Opinion
Case No. 13-2003-JAR-KGG
08-20-2014
ORDER GRANTING IN PART DEFENDANT'S MOTION FOR RECONSIDERATION
Before the Court is Defendant's motion for reconsideration (Doc. 160) of this Court's Order (Doc. 152) granting in part and denying in part Plaintiff's Motion to Compel (Doc. 117). Specifically, Defendant challenges the Court's rejection of its objection to the production of portions of its claims file as within the attorney client privilege.
"A motion to reconsider is not a second chance for the losing party to make its strongest case or to dress up arguments that previously failed." Voelkel v. Gen. Motors Corp., 846 F. Supp. 1482, 1483 (D.Kan. 1994), aff'd, 43 F.3d 1484 (Table) (10th Cir. 1994). A motion for reconsideration must be based on (1) an intervening change in controlling law; (2) the availability of new evidence; or (3) the need to correct clear error or prevent manifest injustice. D. Kan. Rule 7.3. Because a portion of the previous ruling (Doc. 152) constitutes clear error, the motion is GRANTED in part.
Defendant-insurer claims that Plaintiff-insured induced it to pay a settlement on behalf of Plaintiff in defense of a lawsuit by misleading Defendant or concealing material facts from Defendant. In discovery, Plaintiff requested Defendant's entire claims file on the previous litigation. Defendant objected that some of those documents are privileged under the work-product and attorney-client privileges.
In its previous ruling, this Court ruled that the work-product privilege did not attach to documents created before the date Defendant reasonably anticipated litigation, which the Court found to be December 28, 2012. The Court ordered the production of documents created before that date. As it relates to claims of work-product privilege only, this ruling is not challenged in the present motion and remains in effect.
The Order erroneously states that documents produced after that date should be produced. The word should have been "before." This issue was previously addressed by the Court with the parties.
Defendant also objected that some documents are protected under the attorney-client privilege. This Court, following language in a case from another jurisdiction, evaluated that claim under the same principals and found that the privilege did not attach before the date litigation could be reasonably anticipated. This was error. Although language supporting that rationale may be found in the case cited, the authorities cited in that opinion do not generally support that approach. Additionally in that case, our sister court ultimately relied upon an analysis of whether the attorneys for whom the privilege was claimed were acting in a legal capacity.
Lindley v.
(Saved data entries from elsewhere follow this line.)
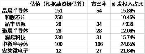 这些拟在科创板上市的半导体和集成电路企业普遍重视研发,研发投入占营收的比重都在10%以上,其中中微半导体最高,为24.65%。同时根据融资金额估算公司估值,中微半导体的市盈率也是最高的,达到106倍。以下为部分企业的基本情况。
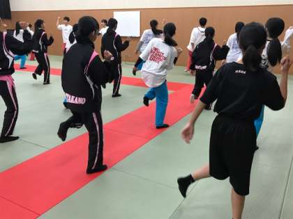 大阪高校の新体育館の杮(こけら)落としで流すプロモーションビデオ作成のために大阪高校ダンス部の皆さんがダンスを教えに来てくださいました。
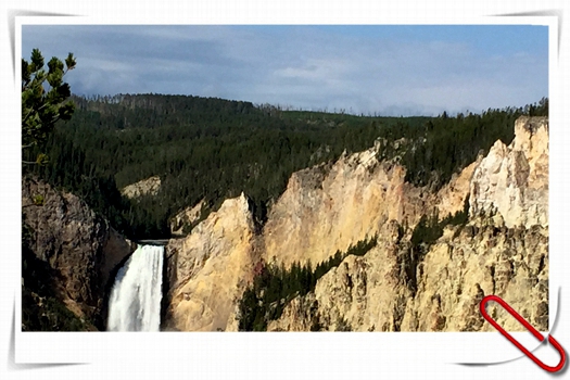 黄石河在高处的峡间跌落下来,形成一条白色瀑布,两侧彩色的峡壁拥着清澈的激流婉延而来。这简直是一幅中国彩色山水画!峡壁是用奶黄色、淡粉 色、混和着黑色和白色涂成的,我根本就没有思想准备来接受这一美景。来之前只知道黄石公园里的地热、温泉地貌以及野生动物 很出名,但真没想到世间还有此自然天成、像画出来的彩色峡谷!惊喜在眼中闪烁,兴奋在脸上荡漾。

Life Investors Ins. Co. of America, 267 F.R.D. 382 (N.D. Okla. 2010).
The Kansas case cited by the Oklahoma court in support of that proposition is a ruling only on the work-product privilege. U.S. Fire Ins. Co. v. Bunge North America, Inc., 247 F.R.D. 656, 659 (D. Kan. 2007).
The work product privilege is created by Fed.R.Civ.P. 26. The attorney client privilege in a case based on diversity jurisdiction is determined by state law. Fed.R.Evid. 501. Although the analysis of those issues may factually trod the same ground, the questions are different. The Court must determine whether the communications qualify as privileged under the state standard, and whether any exception exists.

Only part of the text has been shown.